Most 4x5 bales will run from 57 to 60 inches. We try for 59 because overfill alarm factory preset at 61. Most will never be 60 inches consistent. Too many varibles. If I were buying a 4x5 I would want a 4x5 and we do our best to get there. We got a new baler this year and had to wait for the set up guy to leave so we could get to a 59 inch bale. He wanted us to do a 52, I guess warranty issues. I bought a 4x5 and thats what I want to bale.


----------



## urednecku

hay&litter said:


> Most 4x5 bales will run from 57 to 60 inches. We try for 59 because overfill alarm factory preset at 61. Most will never be 60 inches consistent. Too many varibles. If I were buying a 4x5 I would want a 4x5 and we do our best to get there. We got a new baler this year and had to wait for the set up guy to leave so we could get to a 59 inch bale.
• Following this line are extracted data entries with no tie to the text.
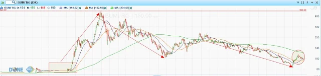 Kembali lagi, pada grafik BUMI diatas bahkan selama beberapa tahun, BUMI nyaris balik lagi ke gocap, ke harga 80-100... Walaupun akhirnya BUMI berhasil naik sampai 180. Tapi tetap saja BUMI masih jauuuh dari harga awalnya.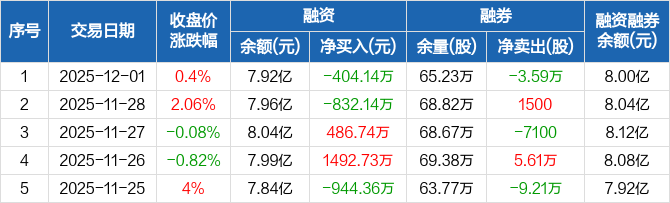 川能动力:融资净偿还404.14万元,融资余额7.92亿元(12-01)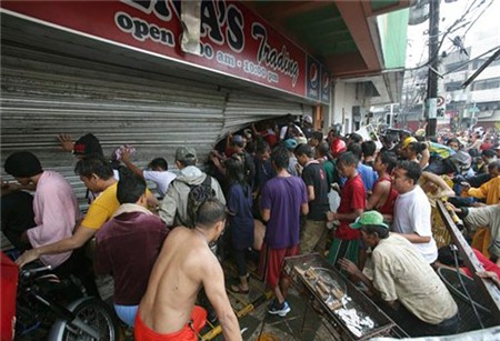 Hàng trăm người phá cửa của một siêu thị để hôi của tại thành phố Tacloban, tỉnh Leyte hôm 9/11. Ảnh: slate.com.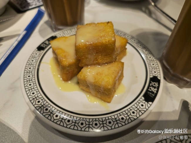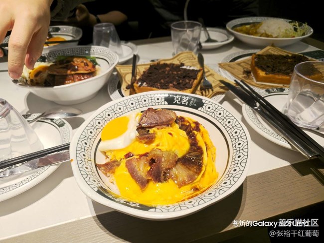 經典的茶餐廳三件套,黯然銷魂飯+小熊冰奶茶+漏奶華,牛叉滑蛋飯+8成熟滑蛋拌飯也很棒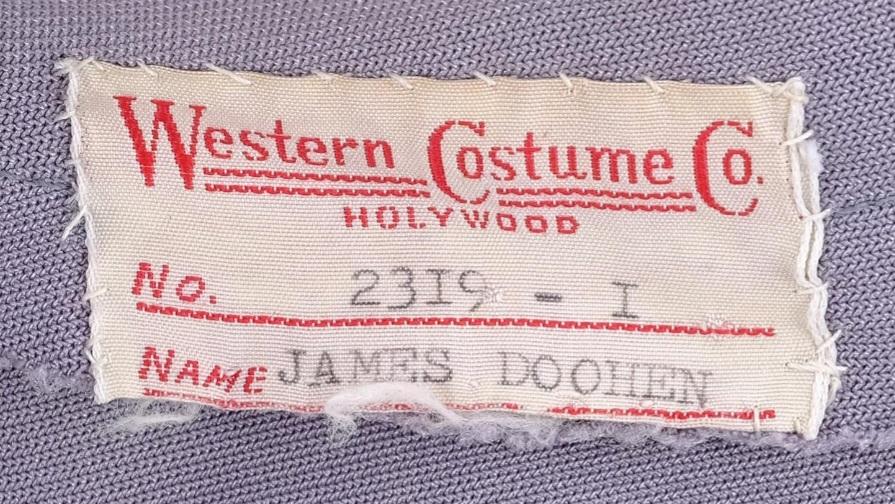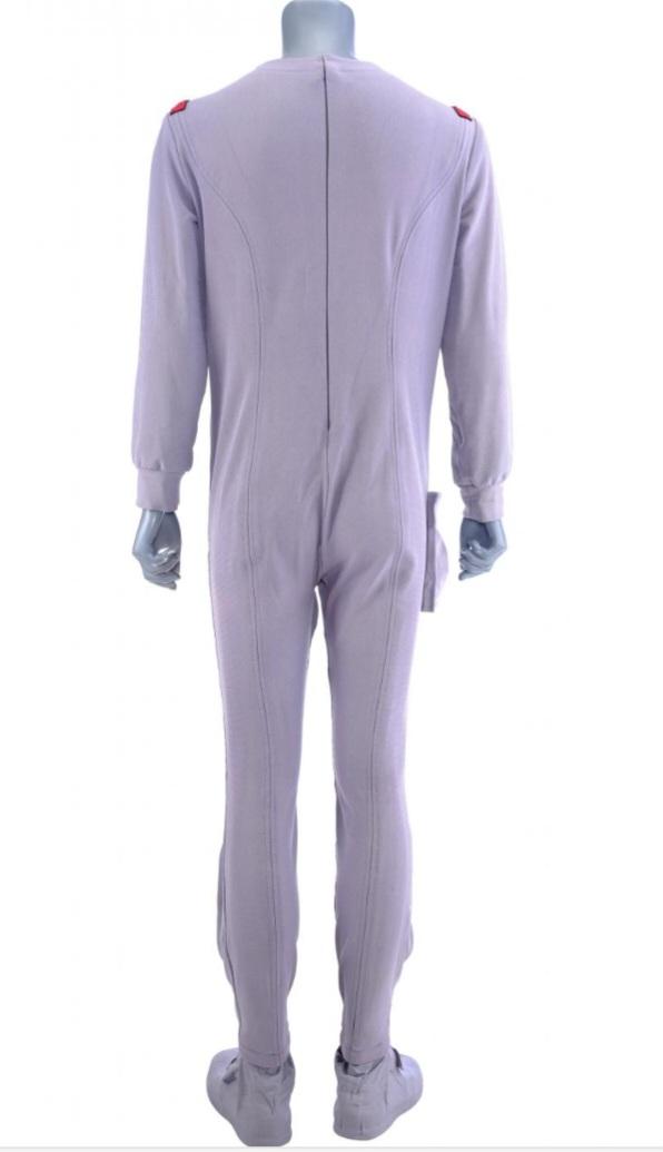 This grey polyester blend Starfleet Class D uniform consists of a full-length grey jumpsuit with a functioning pocket and a Starfleet insignia emblem on the chest. It features a fastening strip and clasp size adjustment on the ankle cuff, and a sewn in Western Costume Co. label marked "James Doohen" on the interior. Also included is a black, brown, and silver wooden replica bio monitor, two replica rank braids on the shoulders, and a pair of replica grey shoes added to complete the costume. The costume exhibits minor signs of wear from age and use throughout.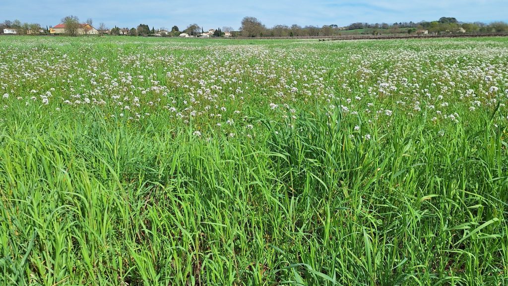Magnifique champs verdoyant parsemé de fleurs blanches.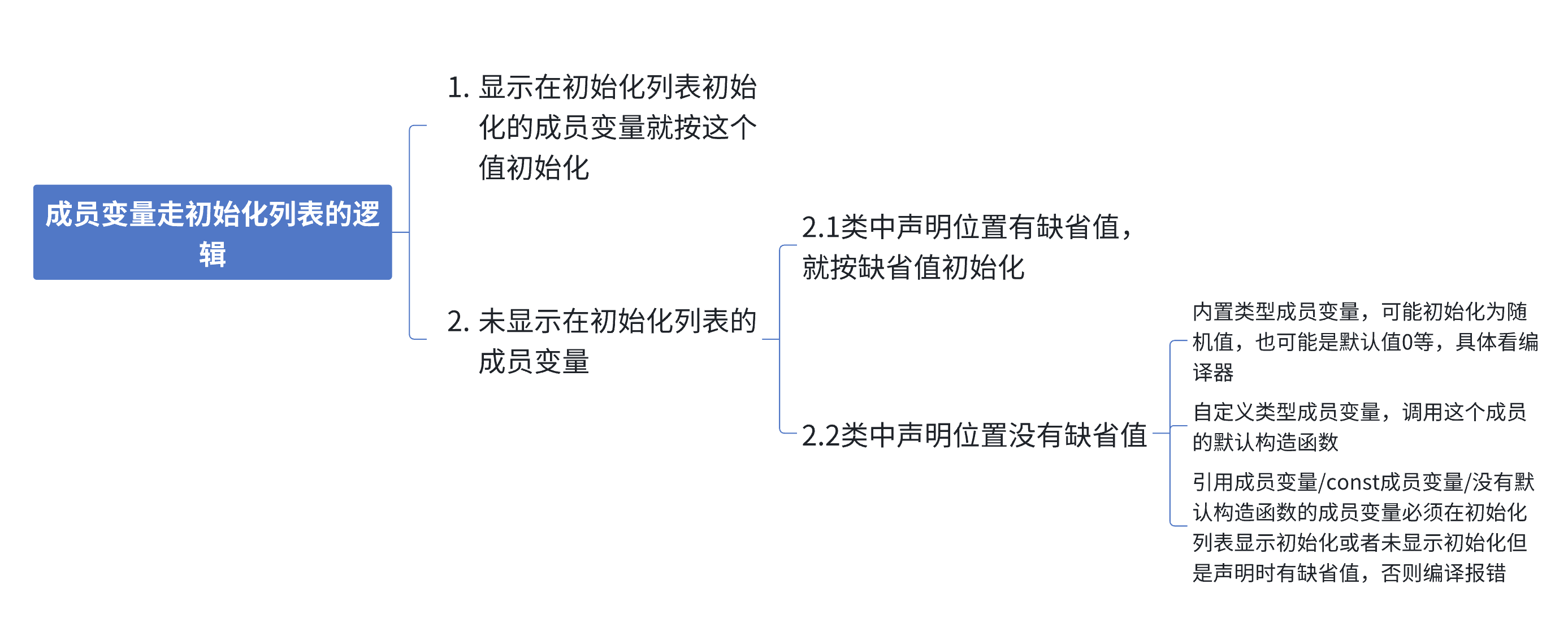 • 尽量使用初始化列表初始化,因为那些你不在初始化列表初始化的成员也会走初始化列表,如果这个成员在声明位置给了缺省值,初始化列表会用这个缺省值初始化。如果你没有给缺省值,对于没有显示在初始化列表初始化的内置类型成员是否初始化取决于编译器,C++并没有规定。对于没有显示在初始化列表初始化的自定义类型成员会调用这个成员类型的默认构造函数,如果没有默认构造会编译错误。

He wanted us to do a 52, I guess warranty issues. I bought a 4x5 and thats what I want to bale.


Think I'd have told him "it's a 4X5 baler, & if it won't do a 4X5 bale take it back to town with you."


----------



## OhioHay

If it was like my BR7060, you were supposed to make 52" for the first 50 bales to break the baler in. Kinda like breaking in an engine. After that, then you could make the size you want. We make a 4x4.5 and tell people that is a 4x4.5. If somebody told me I was buying 4x5's, I would want 4x5's. On a separate note, we can sell 4x4.5 for the same price as a 4x5 due to easier to roll around by horse customers who don't have a loader.


----------



## Texasmark

Couple of things here.

Used to be around here a 5x6 was the norm with the honest guys doing a full sized, tight bale. Some guys only gave you a 5x5 and others would run down the windrow real fast with a light tensioner setting and you got a light bale.

Hay is sold by the bale here as it is too much trouble for buyer and seller to fool with the nearest scales 15 miles away when they are open.

I measured a couple of JD balers (530 and 375) both doing a 5' wide bale and the bales were like 62 x whatever you set the diameter to.

I noticed that 4x5 or 6 depending on which baler you bought are getting real popular around here as hay haulers can load up their 18 wheelers without being oversized. Problem with the size, is that the $100+ per bale price has been applied to them too so as compared to a tight full 5x6 you are getting about half the weight for 4x what you paid a couple of years ago.....but last year with the drought and all, glad to get them.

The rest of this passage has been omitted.